La stampa è ricca di articoli e notizie, già a partire dal 2010, di altre delle 44 ASP della Regione in forte difficoltà: Ferrara, Ravenna, Parma, Reggio Emilia per citarne solo alcune.
Ora la nostra Amministrazione Comunale si appresta a seguire l’orientamento regionale con progetto di conferire ad ASP Città di Bologna il ruolo di unico soggetto gestore dei Servizi alla persona.
Questo progetto rappresenta l’ennesima esternalizzazione di un servizio fondamentale al cittadino verso un’Azienda con finalità imprenditoriali che lavora con appalti a ribasso, sub-appalti e sub-commitenze. L’ASP Città di Bologna in pochi anni ha già accumulato un drammatico debito di bilancio di milioni di euro, destinato ad aumentare nonostante il piano di rientro.

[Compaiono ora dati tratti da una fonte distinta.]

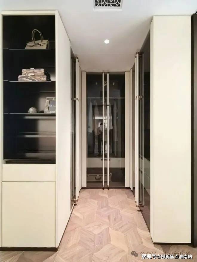 通过示意图我们会看到,一般项目的玄关柜处于成本原因只会做到下图中间位置的冰箱位置就结束,而外滩源著在标配的双开门冰箱(小户型博世或同等品牌、大户型利勃海尔或同等品牌)左侧还额外交付有完整的储物空间:进到实地约99平样板房,整个玄关柜几乎全部都是皮质缝线包裹,细节拉满;打开柜门,内外都是皮革包裹,质感进一步提升:进到主卧,L形衣柜同样是交付标准,抽屉部分和半开放水吧台位置全部都是交付标准;在全上海99%的同价位样板房里,卧室衣柜都是非交付的。在今年上半年大家都在卷人字拼地板的基础上,外滩源著主卧地板升级为柳叶拼接,进一步做了升级:看到约143平户型,厨房岛台和上柜都不稀奇,厨房外的半开放式餐边柜和利勃海尔内嵌式同样也作为交付标准附赠,柜体额外提供接近1立方面积的收纳空间:在约143平户型中,入户玄关收纳区被分为2个部分——一个是进门正对的区域,一个是进门后的步入式区域,两侧都标配有充裕的收纳空间。和约99平户型不同,约143平户型在玄关柜末端还设置有半开放水吧台,丰富生活场景:主卧和约99平户型一样,衣柜更大形成衣帽空间,还交付有半开放式、类似于酒店的迷你吧设计:现场样板房照片长这样:收纳空间全部都是来自博洛尼专属定制(或同等品牌),真正做到拎包入住、省去后期定制比价的烦恼;而在收纳空间之外,外滩源著在用料上同样可以称得上卷王——项目厨房台面是全进口的西班牙DEKTON品牌:厨房为美诺三件套交付,这和之前浦江之星保持一致;冰箱小户型为博世、大户型为利勃海尔,都是双开门设计;基础硬件都不差,项目在审美上还做了不少创新——卫生间大量采用奢石和石材,比如主卫柜体墙面就是香格里拉翡翠拼花,龙头是冷热分离式,成本更高:次卫则是采用不同风格,墙面统一采用米洞岩板、地面为深咖色瓷砖,黑金配色风格区别于看多了的海派设计,眼前一亮:卫生间下柜同样是皮革包裹交付,标配智能马桶盖板:入户玄关处的开放格背板采用罕见的白冰玉石材利用人造光源,通过石材的反射和折射,纹理清晰分明;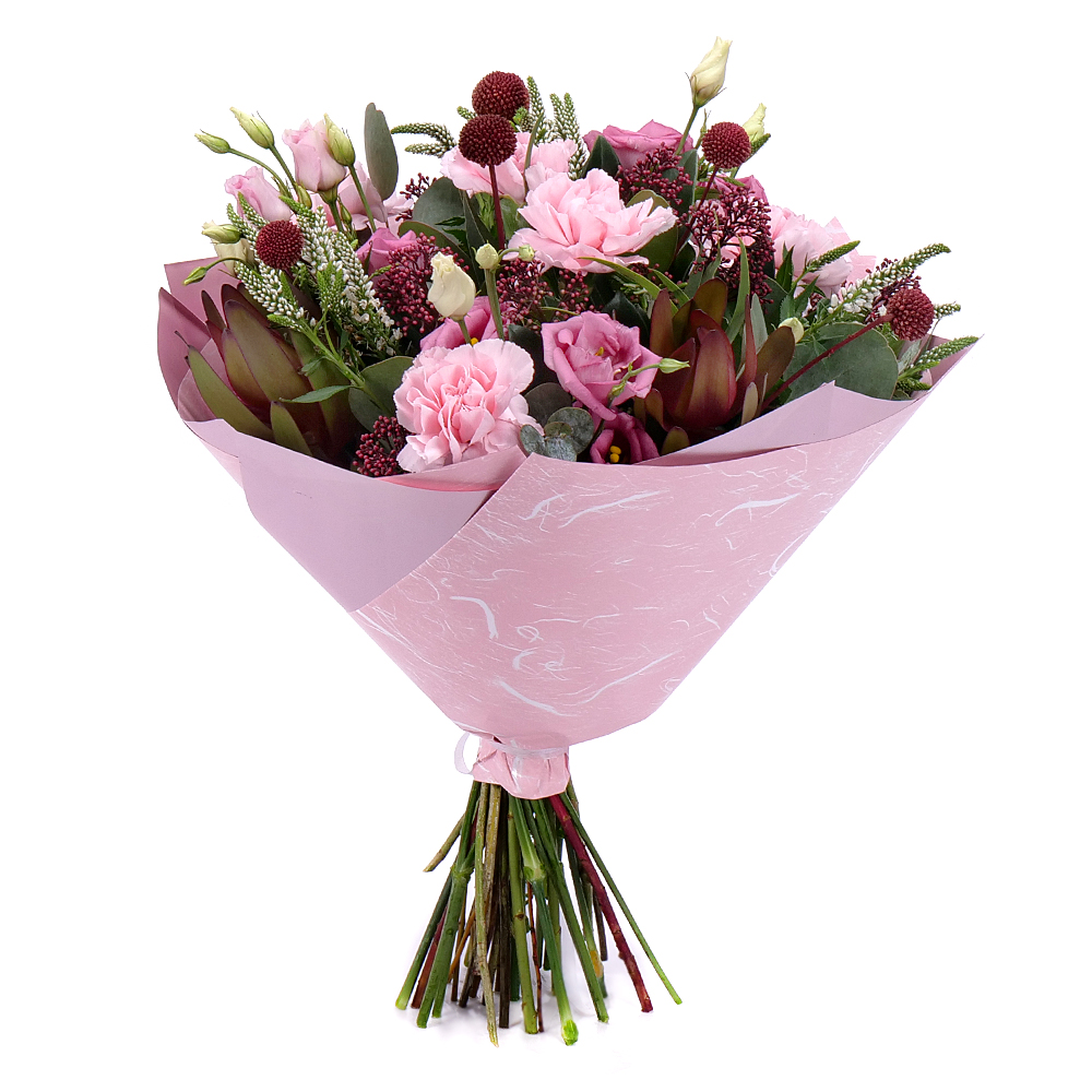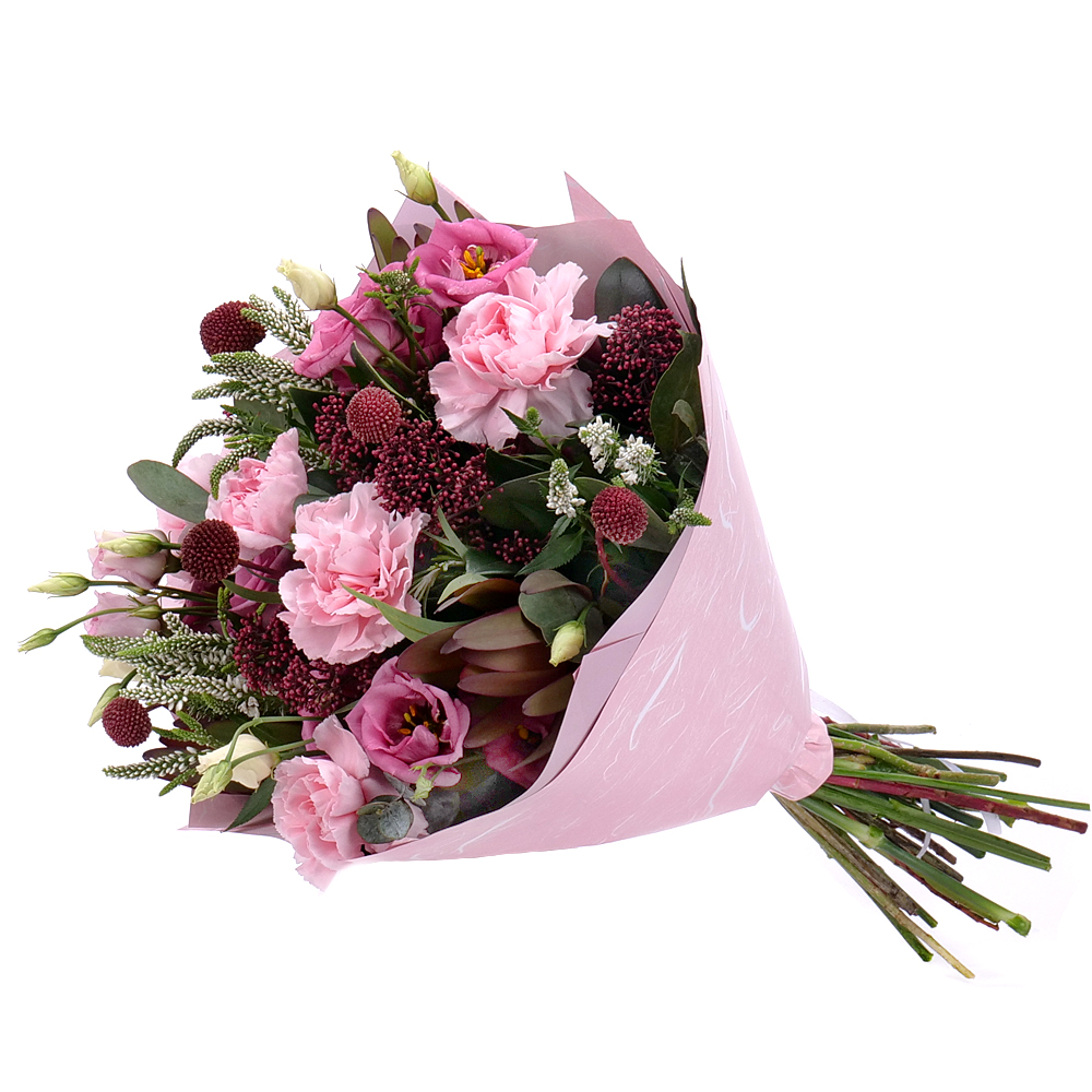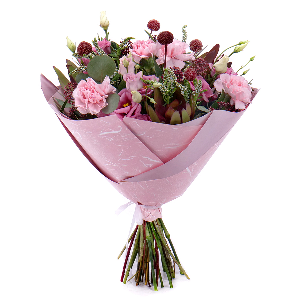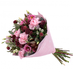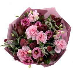 Elegantná a jemná kytica z ružových karafiátov, lisiantusu, dekoračnej zelene a craspedie. Kytica je doplnená štýlovým papierom a stuhou. Vhodný darček k sviatku narodením alebo menín. Tiež ako potešenie vo všedný deň.

Chi pagherà per tutto questo? Il Comune potrà ripianare il danno erariale, ma non potrà risarcire i cittadini e gli operatori che dovessero essere danneggiati dalla mancanza di tutele e di Servizi essenziali di assistenza.
ADDENDA: e per gli ultimi irriducibili che (ancora) nutrono speranze sulle magnifiche sorti e progressive del “sistema ASP”, dopo i casi di Piacenza, Vignola, Fidenza, guardate cosa succede a Ferrara in questi giorni:
Asp, lettere choc sulle perdite: “Azienda a rischio di continuità”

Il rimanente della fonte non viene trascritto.